Thread: Non-deterministic 100% CPU hang on postgres 9.3

Non-deterministic 100% CPU hang on postgres 9.3

From
Fenn Bailey
Date:
Hi all,

I'm experiencing an issue where certain queries appear to non-deterministically "hang", with a CPU pinned at 100%.

I say "hang", where really I've given up after ~12 hours execution. The exact same query can then be terminated and run in <90 seconds, with none of the underlying data changing.

I can completely reset the DB (drop tables/recreate) and re-run and sometimes certain queries will appear to hang forever, sometimes they will execute in minutes.

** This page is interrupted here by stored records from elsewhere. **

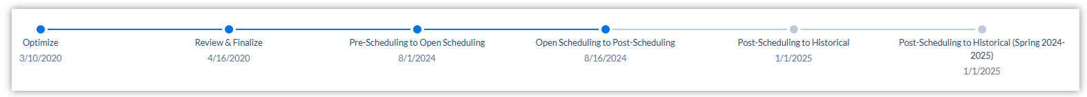 Your timeline will appear across the top of your Academic Scheduling homepage as a way of tracking your institution’s scheduling process.
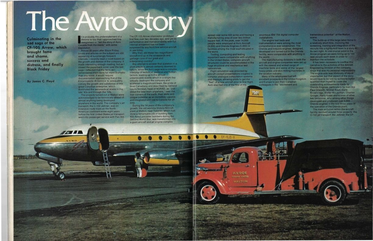 The Avro Story Article by James Floyd, overall history of A.V.Roe development, success, demise. Includes the Jetliner, Canuck and Arrow. - from Canadian aviation 1978 pgs 54-60, 126-131. Names include Edgar H. Atkin, Bill Baker, Winnet Boyd, Frank Brame, Earle (Earl) K. Brownridge, Allan Buley, James "Jim" Arthur Chamberlin, T.P. Michael "Mike" Cooper-Slipper, Waclaw Czerwinski, Walter Nice Deisher, Paul B. Dilworth, Roy Hardy Dobson, James "Jim" Charles Floyd, John Carver Meadows Frost, Crawford (Jr.) Gordon, Charles Grinyer, Guest Hake, S.E. (Stan) Harper, John Hodges, Bob Johnson, Frances Henry "Harry" Keast, Robert N. (Bob) Lindley, Carl Lindow, Peter Martin, Walter R. McLachlan, Joe Morley, John Morrison, Jimmy Orrel, Mario Pesando, John L. Plant, Donald "Don" Howard Rogers, Harvey Smith, Frederick "Fred" Thomas Smye, Dixon Speas, Murray Willer, Janusz "Jan" Zurakowski.Publication Details
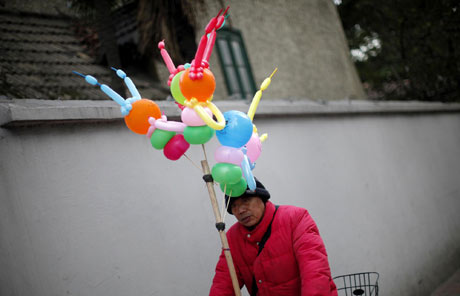 A balloon vendor rides his bike on a street in downtown Shanghai January 25, 2011. [Photo/Agencies]
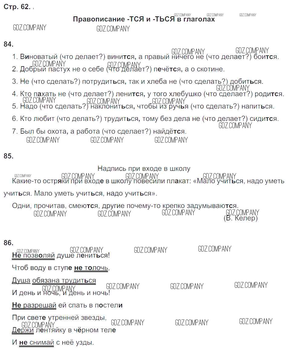 Здесь готовые ответы по Русскому языку за 5 (пятый) класс от Тростенцова, Дейкина, Невская Рабочая тетрадь УМК (издательство: Экзамен от 2015 г.) № 62
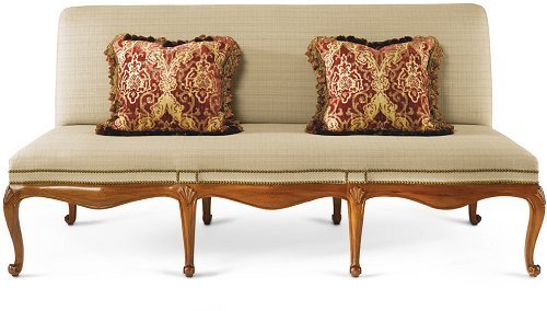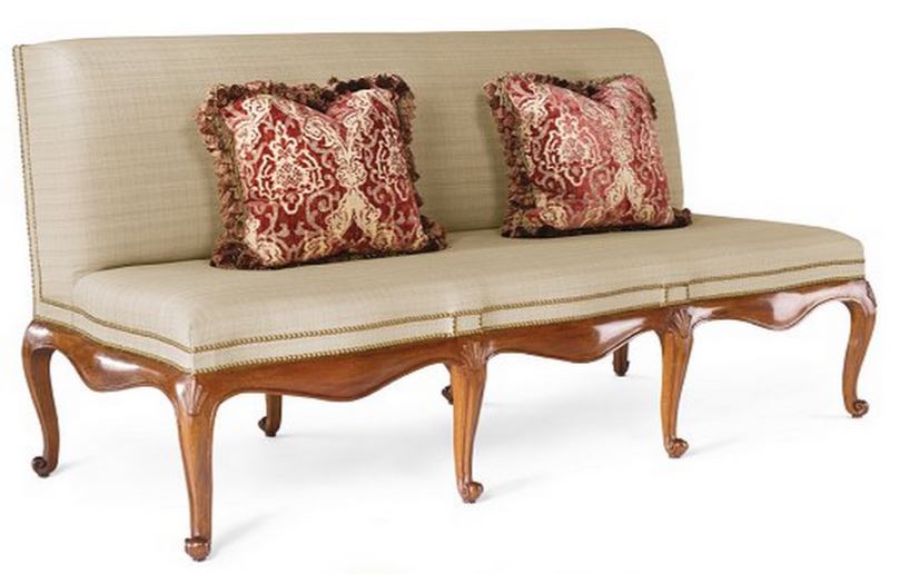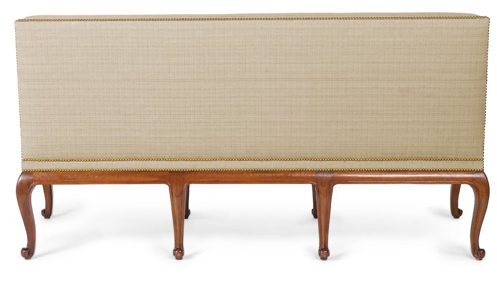 The undulating serpentine show frame base with a ‘cushion’ frieze and cabriole legs with a carved scallop motif at the knee and terminating in French scrolled feet. As shown, the base is constructed from sustainably harvested mahogany. The under frame is constructed of farm-raised poplar.
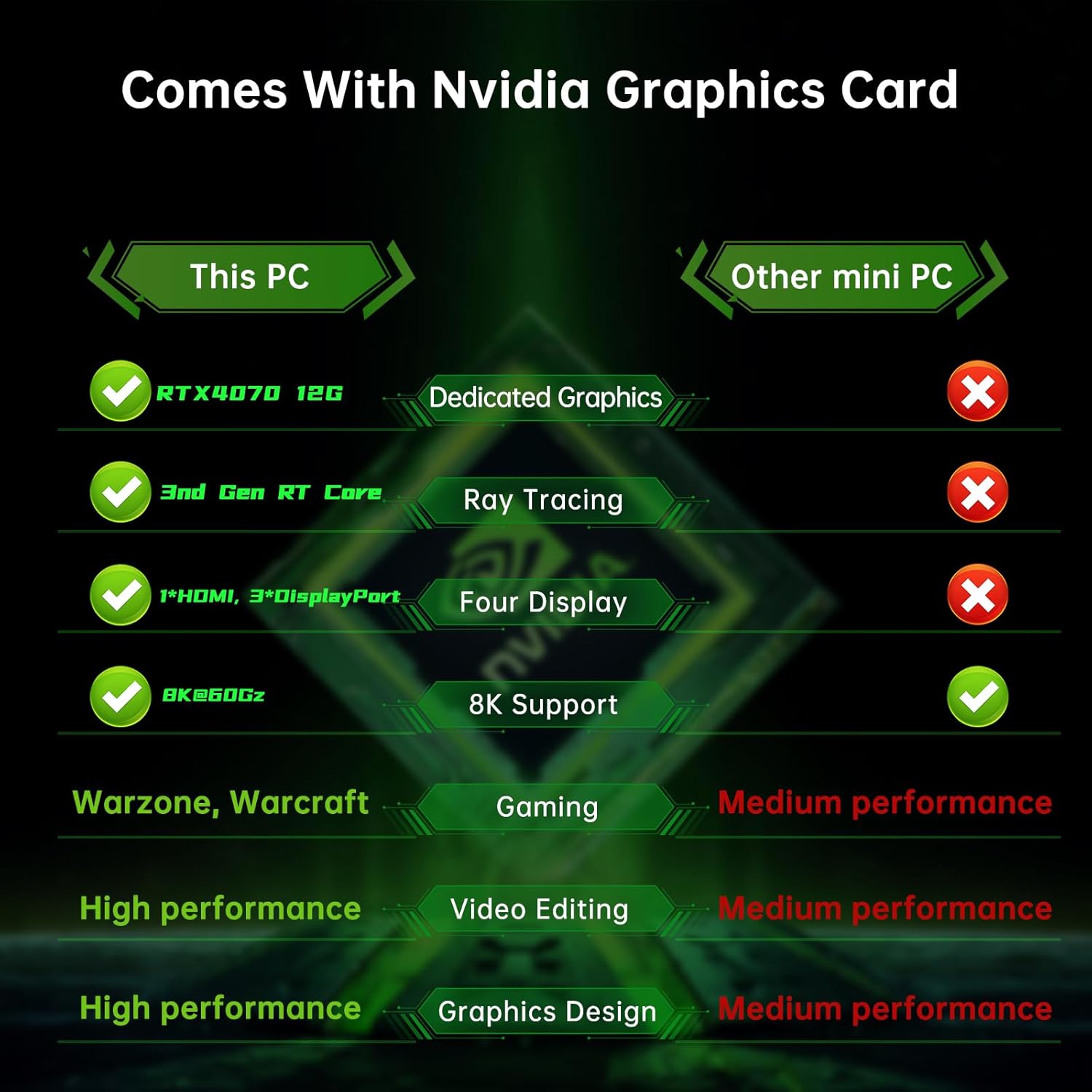 Leistungsstarke Grafikkarte: Ausgestattet mit einer GeForce RTX4070 12 GB GDDR6X-Grafikkarte, unterstützt Ray Tracing Core der 3. Generation und Tensor Core der 4. Generation. Ray Tracing simuliert die Eigenschaften von echtem Licht und ermöglicht Ihnen ein beispielloses Erlebnis atemberaubender Details in virtuellen Welten. DLSS (Deep Learning Super Sampling, unterstützt von Tensor Core) verbessert die Rendering-Effizienz und nutzt KI, um realistische Bilder zu erstellen.
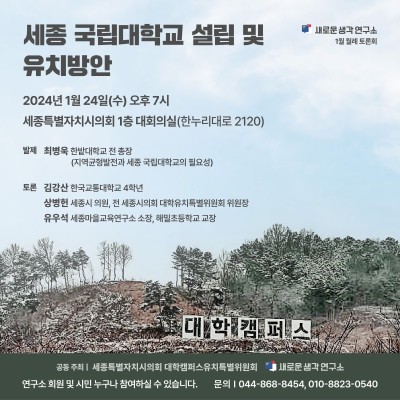 세종시의회 ‘대학캠퍼스 유치를 위한 특별위원회’(이하 ‘대학캠퍼스유치특위’)는 ‘새로운생각연구소’와 함께 24일 세종 국립대학교 설립 및 유치방안을 위한 전략적 방안을 모색했다.출…
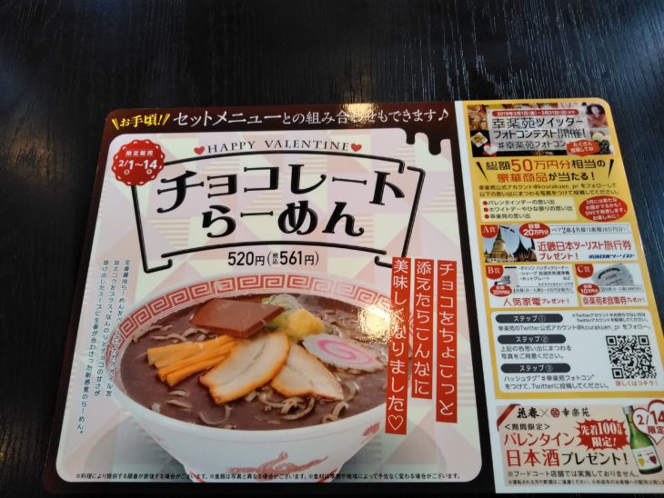 2月といえば、2/3日の節分の次は2/14バレンタインですよね。幸楽苑がバレンタインに向けてまたやってくれました。ひとつめは、バレンタインデーの初の企画として全国517店舗で「チョコレートらーめん」を発売した。14日までの期間限定で価格は税込み561円です。ふたつめは、2/14(木)限定で日本酒プレゼントされるようです。

I've tried official debian (amd64) packages of postgres 9.3.2 - 9.3.4 (same issues).

The workload is ostensibly analytics - As a disclaimer I absolutely understand that these queries may not be non-optimized (I didn't build them/have not reviewed fully). The part I'm trying to work out is why they sometimes finish easily in minutes and other times hang.

I've straced the process when it's pinned and there appears to be no system calls (ie: no IO) just a pure CPU loop.

If anyone could explain this behaviour, or even how I might go about diagnosing, that would be wonderful.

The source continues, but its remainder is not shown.